There were more free media voices in Serbia under Milošević than there are today in Russia under Putin (or Serbia of today under Vučić). While in the post-Milošević era some things improved in the region, other regressed. Now that the media are privatized, the businessmen close to the Vučić government (or forced to be close, if they want to do business) have bought up all the media. Free market! as it’s called.
Pretty much from day one of the crisis in the Balkans the countries of the EU split and took sides. There was no joint European front. It wasn’t the best EU hour, the 1990s in the Balkans; the US-led Nato and its targeted bombing (with the inevitable misses and civilian casualties, not to mention the destruction of key infrastructure) was what finally put paid to the wars, but not to Milošević himself. The Dayton Peace accord that stopped the warring in Bosnia remains the shaky foundation of the country. Majority of Serbs and their politicians in the region still see the wars of 1990s, especially because they were lost with the help of western powers, as a western-led affront to the perennially victimized Serbs. There is a widespread feeling of historical injustice done unto this once-great nation – the version of which I’m sure exists among the Russians in 2022 too.
The EU unity that we’re seeing now, and the German reversal regarding defence funding and their expressed readiness to end the dependency on Russian gas and even reactivate some nuclear plants – this is very new. The willingness to welcome the refugees is also different. (If the war drags on, this willingness will diminish.)

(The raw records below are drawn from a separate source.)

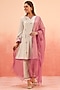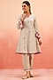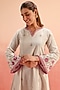 Featuring a beige A-line short kurta in cotton flax stripe base with aari and adda embroidery. It is paired with cotton slub straight pants and a kota embroidered dupatta. Accentuate it with silver jewellery and embellished heels for a festive, pooja or sangeet ceremony.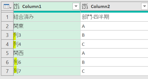 列のマージを行ったことで、表がシンプルに整理されてきました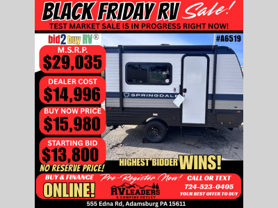 Stock #A6519Adamsburg, PAThis RV has been entered into our RVL "BID 2 BUY" program - CALL TO PLACE YOUR BID TODAYStock #A6519Adamsburg, PAThis RV has been entered into our RVL "BID 2 BUY" program - CALL TO PLACE YOUR BID TODAY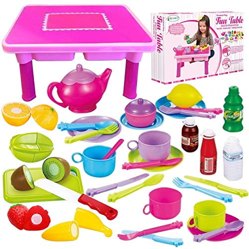 Toddler Folding Storage Table with Toy play kitchen plates and cups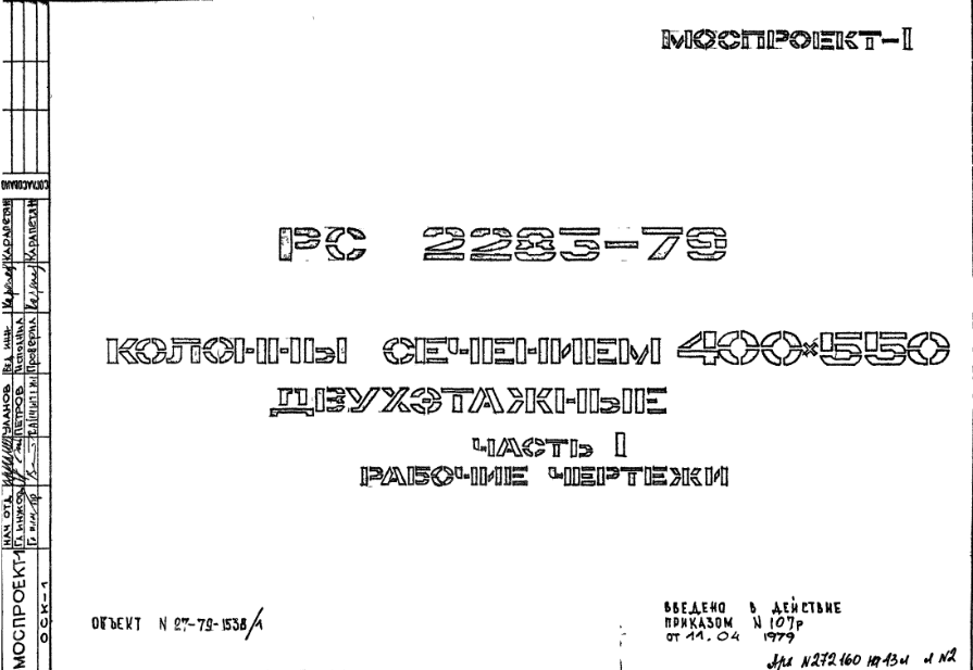 Шифр РС 2283-79 Колонны сечением 400х550 двухэтажные (1979 г.)

In contrast with the conflicts in the Balkans, the Nato cannot get involved in the war with Russia in any direct way. It is helping Ukraine by schlepping arms, intel and expertise. During the Balkan wars, the official line was that the west stopped all arms sales to both sides of the conflict; “peace keeping” was still a thing – how quaint all that sounds now; whatever happened to peacekeeping as a concept? Hopefully it’s kaput. We’ve seen the worst side of it in the Balkans back then. It legitimizes the conquered territories by putting peacekeepers on new dividing lines of redrawn maps; it’s window dressing of the worst kind, cf Srebrenica. It also usually hides the fact that the arms trade rather continues, with whichever side you prefer.
What will happen in Ukraine, then? If we presume that the war will remain non-nuclear (let’s!) perhaps two types of situations are likeliest to happen: 1) a territory under occupation + the organized guerrilla resistance (cf partisans in the German-Italian occupied Yugoslavia in WW2) + reprisals after guerrilla actions, and 2) cities under siege, the way Sarajevo was in 1990s. OR! Ukraine, with all the intel and aid and state of the art arms and surveillance systems from the wealthy west, actually wins this thing? Maybe the Russian army somehow gets fatally weakened, its morale frayed, pro-Putin consensus in Russia itself broken.
The Nato bombing as the final phase of the Balkan wars did not topple Milošević and did not immediately weaken his grip over Serbia. But it was another crack, and a deepening one, on his reign. By October 2000 he was gone, in a post-electoral uprising after a botched attempt to rig the results. (With, credit where due, some significant US money going to the right people in Serbian resistence.) Putin is a different generation strongman, wilier and until recently more calculating. He will not be gone within a year. But this Ukraine business is beginning to look a lot like a crack.